The Senate has approved a bill that will give Kenyans living in the diaspora special incentives, including wealth protection to encourage them to invest back home.

Senators voted at a special sitting on Tuesday evening to approve the Kenya Citizenship and Immigration (Amendment) Bill, 2021 through its third reading.

The Bill will now be forwarded to the National Assembly for concurrence.

The Bill requires Foreign Affairs Cabinet secretary to craft a voluntary savings scheme for Kenyans living abroad.

The Bill, sponsored by Murang’a Senator Irungu Kang’ata opens the window for Kenyans in the diaspora to form associations and voluntarily contribute to a saving scheme.

“The Cabinet Secretary may liaise with financial institutions in Kenya to negotiate favourable terms on the investments of any contributions that may be made,” the Bill states.

The Bill seeks to amend the Kenya Citizenship and Immigration Act to require the Foreign Affairs Cabinet Secretary, in consultation with the relevant Kenya mission to promote the establishment of a voluntary savings scheme for Kenyans living abroad.

“The Cabinet Secretary, may in consultations with the Cabinet Secretary for Treasury and the governor of Central Bank, develop policies and programmes offering incentives to Kenyans living abroad to invest in Kenya,” the Bill states.

The two Cabinet Secretaries (CS) and the Central Bank governor will be required to establish a database setting out information on programmes and projects in Kenya for investment by Kenyans living abroad.

The Bill requires the CS’s and the governor to put in place measures for the prevention of fraudulent practices that hinder investment, in Kenya, by Kenyans living abroad.

“The Bill proposes to enhance the participation of Kenyans living abroad in the socio-economic development agenda as well as governance processes,” Mr Kang’ata said in the Bill’s memorandum of objects and reasons.

Kenya Diaspora Alliance (KDA), whose membership stands at around 250,000, had earlier told the Business Daily that most Kenyans abroad are worried about the protection of their investment back in the country and usually seek reassurance from authorities and partners before sinking cash into new ventures.

Inflows from the diaspora rose by 20 percent in the nine months to September last year compared to the corresponding period of 2020.

The diaspora remittances increased despite the effects of coronavirus-induced economic fallout in the global economy.

Data from the Central Bank of Kenya (CBK) released in October 2021 shows that the remittances for the nine months to September stood at $2.71 billion (Sh301 billion), up from $2.27 billion (Sh252.5 billion) in the nine months to September 2020.

Remittances are Kenya’s largest source of foreign exchange ahead of horticulture, tea and tourism earnings.
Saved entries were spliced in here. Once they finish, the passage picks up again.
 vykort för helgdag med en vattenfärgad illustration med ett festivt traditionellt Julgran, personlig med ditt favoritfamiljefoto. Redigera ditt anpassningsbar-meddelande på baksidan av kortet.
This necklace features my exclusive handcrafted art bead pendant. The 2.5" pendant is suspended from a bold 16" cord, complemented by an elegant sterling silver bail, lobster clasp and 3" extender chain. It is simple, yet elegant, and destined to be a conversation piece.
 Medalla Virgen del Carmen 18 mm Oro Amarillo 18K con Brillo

They, therefore, provide crucial backing for the shilling in the forex market in addition to the social benefits for recipients.
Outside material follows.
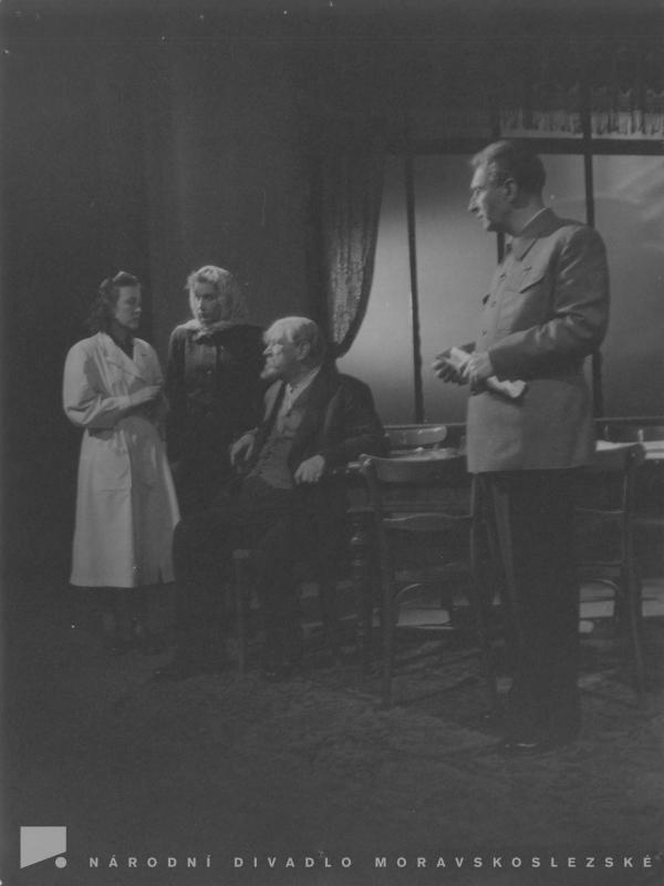 Jiřina Froňková (Věra Vasiljevna Jermolajevová, zástupce předsedy Závodní rady), Jana Kalášková (Lidmila Prokofjevna Leonťjevová, jeho dcera), Jiří Myron (Prokofij Andrejevič Leonťjev), Vilém Pfeiffer (Aleksej Georgijevič Plotovščikov, sekretář základní organizace)

The CBK has in recent briefings stated that improved remittance channels have helped raise the amount being sent home, largely through the adoption of digital channels that make it easier and cheaper to send and receive money.

The US remains the largest source of remittances into Kenya, accounting for 61.8 percent of the money sent home in September last year.

Asian markets—especially Saudi Arabia and Qatar— are also gaining prominence due to the rising numbers of migrant workers from Kenya.